750 ILCS 5/605 • §605. Investigations and reports (a) In contested custody proceedings, and in other custody proceedings if a parent or the child’s custodian so requests, the court may order an investigation and report concerning custodial arrangements for the child. The investigation and report may be made by a child welfare agency approved by the department of Children and Family Services, but shall not be made by that department unless the court determines either that there is no child welfare agency available or that the parent or the child’s custodian is financially unable to pay for the investigation or report. (b) In preparing his report concerning a child, the investigator may consult any person who may have information about the child and his potential custodial arrangements. Under order of the court, the investigator may refer the child to professional personnel for diagnosis. The investigator may consult with and obtain information from medical, psychiatric or other expert persons who have served the child in the past, without obtaining the consent of the parent or the child's custodian. (c) The investigator shall mail the report to counsel, and to any party not represented by counsel, at least 10 days prior to the hearing. The court may examine and consider the investigator’s report in determining custody. The investigator shall make available to counsel, the investigator’s file of underlying data, reports, and the complete texts of diagnostic reports made to the investigator pursuant to the provisions of subsection (b) of this Section, and the names and addresses of all persons whom the investigator has consulted, as a court’s witness, for cross-examination. A party may not waive his right of cross-examination prior to the hearing.
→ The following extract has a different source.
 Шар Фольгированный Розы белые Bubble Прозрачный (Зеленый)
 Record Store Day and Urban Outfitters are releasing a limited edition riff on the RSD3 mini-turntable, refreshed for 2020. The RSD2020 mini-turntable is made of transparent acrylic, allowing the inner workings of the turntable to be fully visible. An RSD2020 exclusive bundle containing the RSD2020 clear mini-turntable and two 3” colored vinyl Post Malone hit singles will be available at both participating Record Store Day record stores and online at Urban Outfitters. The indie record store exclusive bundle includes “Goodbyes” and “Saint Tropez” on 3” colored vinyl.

Illinois Supreme Court Rule 215 • Rule 215. Physical and mental examination of parties and

other persons (a) Notice; Motion; Order. In any action in which the physical or mental condition of a party or of a person in the party’s custody or legal control is in controversy, the court upon notice and on motion made within a reasonable time before trial, may order such party to submit to a physical or mental examination by a licensed professional in a discipline related to the physical or mental condition which is involved….

STATUTES RELATING TO THE ADMISSIBILITY OF CHILD HEARSAY STATEMENTS

• 750 ILCS 5/606(e)

• 735 ILCS 5/8-2601

750 ILCS 5/606 • § 606. Hearings (e) Previous statements made by the child relating to any allegations that the child is an abused or neglected child within the meaning of the Abused and Neglected Child Reporting Act, or an abused or neglected minor within the meaning of the Juvenile Court Act of 1987, shall be admissible in evidence in a hearing concerning custody of or visitation with the child. No such statement, however, if uncorroborated and not subject to cross examination, shall be sufficient in itself to support a finding of abuse or neglect.
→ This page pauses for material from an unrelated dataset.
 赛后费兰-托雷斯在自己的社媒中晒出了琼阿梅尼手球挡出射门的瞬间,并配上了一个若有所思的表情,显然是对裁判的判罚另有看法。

735 ILCS 5/8-2601 • § 8-2601. Admissibility of evidence, Out of court statements; Child

abuse (a) An out-of-court statement made by a child under the age of 13 describing any act of child abuse or any conduct involving an unlawful sexual act performed in the presence of, with, by, or on the declarant child, or testimony by such of an out-of-court statement made by such child that he or she complained of such acts to another, is admissible in any civil proceeding; if: (1) the court conducts a hearing outside the presence of the jury and finds that the time, content, and circumstances of the statement provide sufficient safeguards of reliability; and (2) the child either: (i) testifies at the proceeding; or (ii) is unavailable as a witness and there is corroborative evidence of the act which is the subject of the statement. (b) (c) The proponent of the statement shall give the adverse party reasonable notice of an intention to offer the statement and the particulars of the statement.